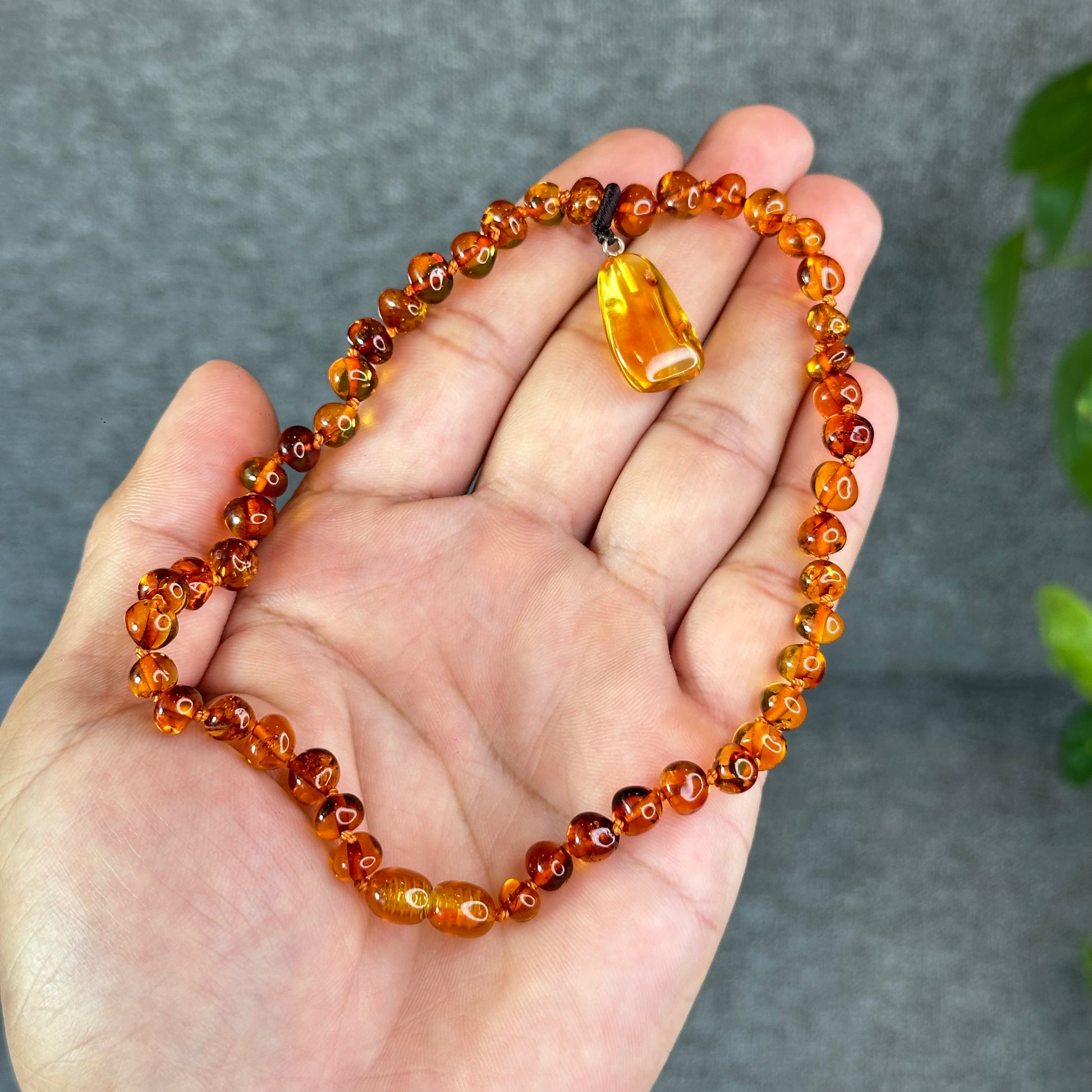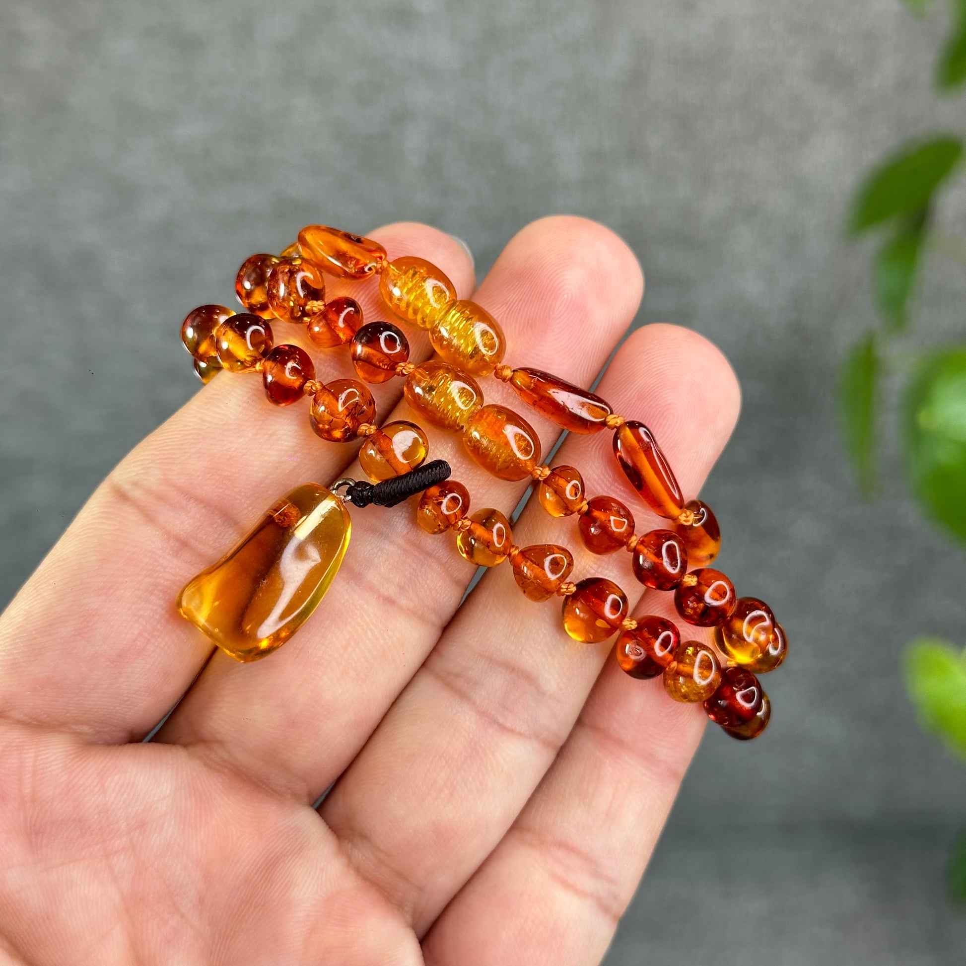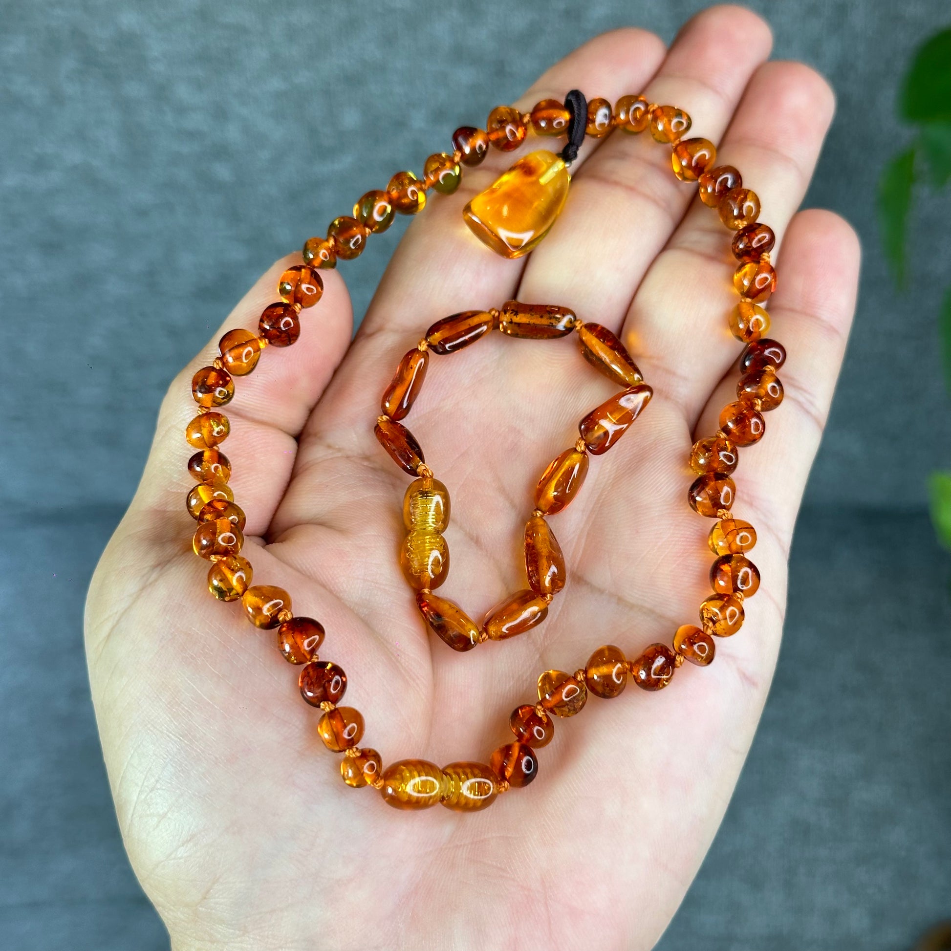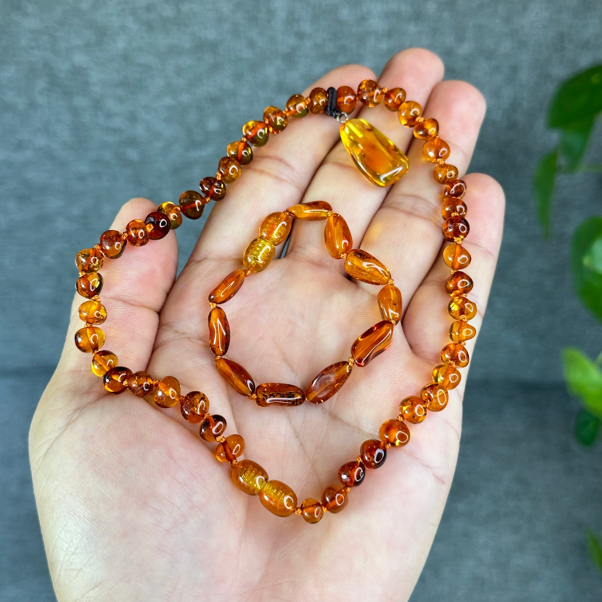 - Natural Amber Necklace and Bracelet with Pendant for Kids
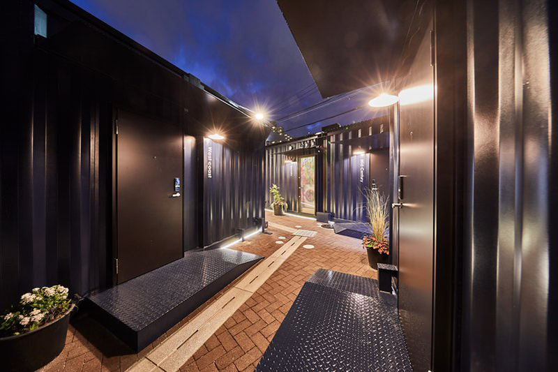 還記得每當(dāng)約了三五知己一起出去旅游的時(shí)候,總會(huì)因?yàn)榫频曜》康娜藬?shù)問題而卡住。如果能湊雙數(shù)開雙人房是好,但是一旦出現(xiàn)單數(shù)就很尷尬了,而且分開住既不經(jīng)濟(jì)也不能享受通宵聊天的樂趣,如果有一種四、五人的多人房就好了。TORACO就是這么一家主打多人房的酒店,主要包括從二到五人的房型。位于日本大阪市的一個(gè)街邊轉(zhuǎn)角處,街頭的位置給酒店帶來了絕佳的人流量。同時(shí),全集裝箱改造的亮點(diǎn)也帶了不少的關(guān)注度。
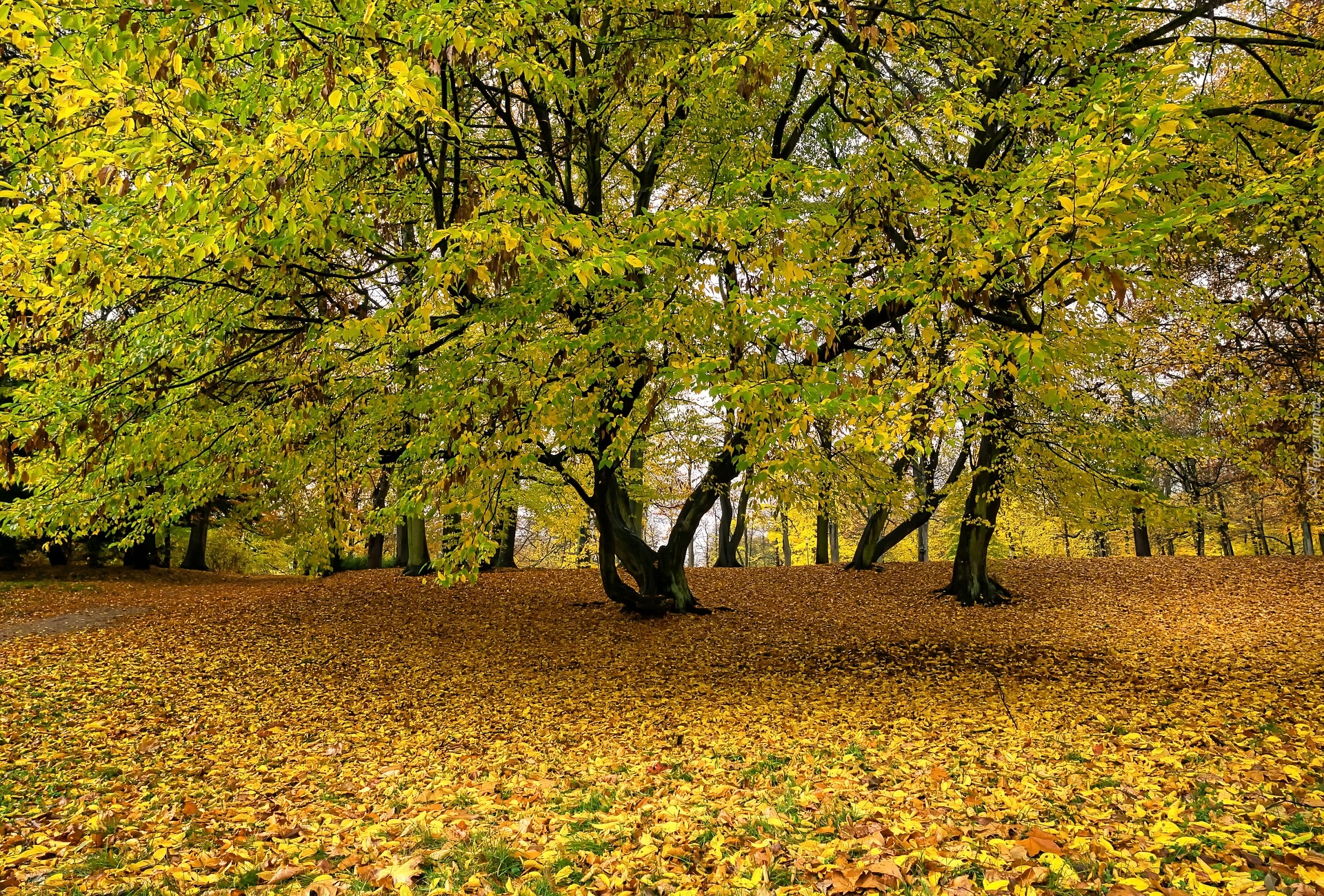 Edytor tapety: Opadłe jesienne liście pod drzewami w parku
**********
§ **Exercise prompt**:
Without the pictures, write out the entire listing exactly.

§ **Response below**:
 - Natural Amber Necklace and Bracelet with Pendant for Kids
 還記得每當(dāng)約了三五知己一起出去旅游的時(shí)候,總會(huì)因?yàn)榫频曜》康娜藬?shù)問題而卡住。如果能湊雙數(shù)開雙人房是好,但是一旦出現(xiàn)單數(shù)就很尷尬了,而且分開住既不經(jīng)濟(jì)也不能享受通宵聊天的樂趣,如果有一種四、五人的多人房就好了。TORACO就是這么一家主打多人房的酒店,主要包括從二到五人的房型。位于日本大阪市的一個(gè)街邊轉(zhuǎn)角處,街頭的位置給酒店帶來了絕佳的人流量。同時(shí),全集裝箱改造的亮點(diǎn)也帶了不少的關(guān)注度。
 Edytor tapety: Opadłe jesienne liście pod drzewami w parku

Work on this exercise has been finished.